There is an accepted wisdom in the industry that “data and features determine the upper limit of machine learning projects, and algorithms just get as close to that limit as possible.” In actual combat, feature engineering takes more than half of the time, which is a very important part. Missing value processing, outlier processing, data standardization, imbalance and other problems should be at your disposal. In this article, we will discuss an easily overlooked pitfall: data consistency.
It is well known that most machine learning algorithms assume that the training data sample and the test sample of the location come from the same distribution. If the distribution of test data is inconsistent with the training data, the effect of the model will be affected.

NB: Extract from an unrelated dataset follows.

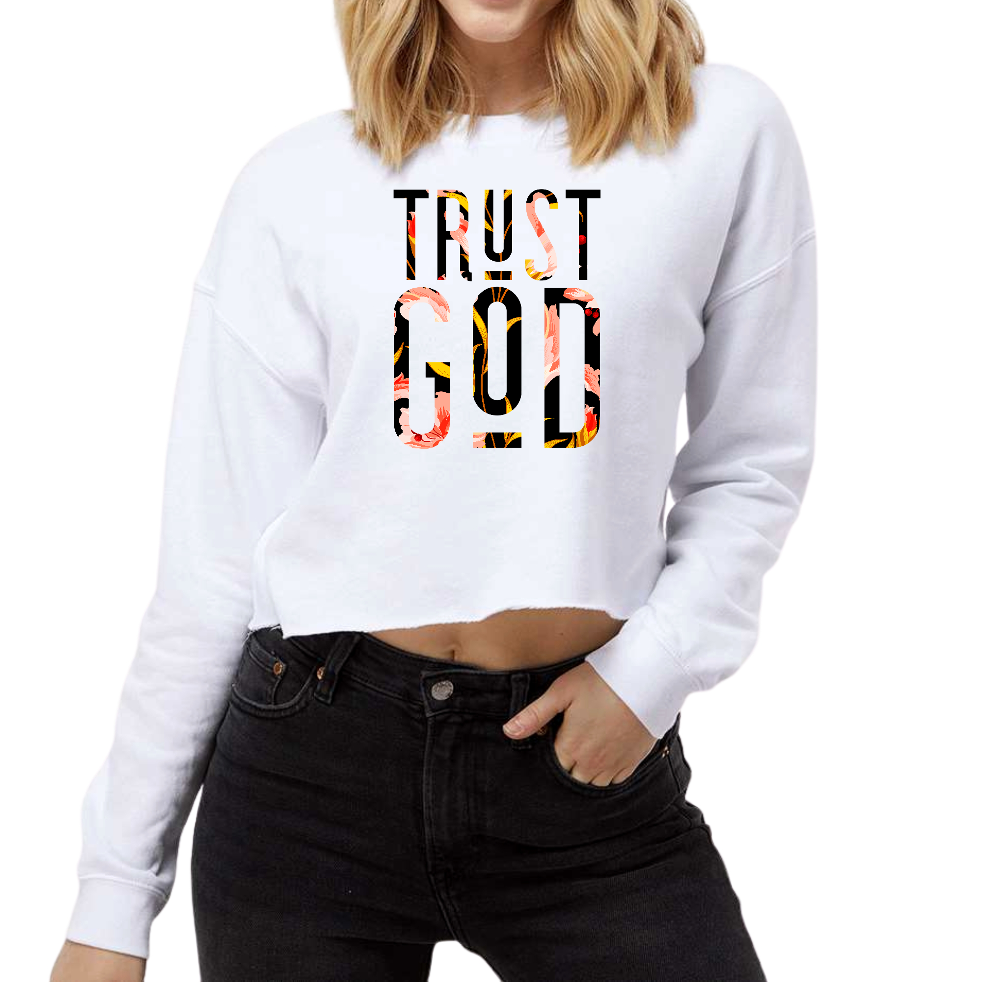 Dropship Womens Cropped Graphic Sweatshirt - Trust God Floral Print

In some machine learning-related competitions, some features of a given training set and test set may themselves be inconsistently distributed. In practice, with the development of business, the distribution of training samples will also change, resulting in the lack of model generalization ability.
Here are some methods to check the consistency of feature distribution between training set and test set:
KDE (kernel density estimation) distribution map
Kernel density Estimation is used to estimate the unknown density function in probability theory. It is one of the non-parametric test methods. The distribution characteristics of data samples can be intuitively seen through the kernel density estimation graph.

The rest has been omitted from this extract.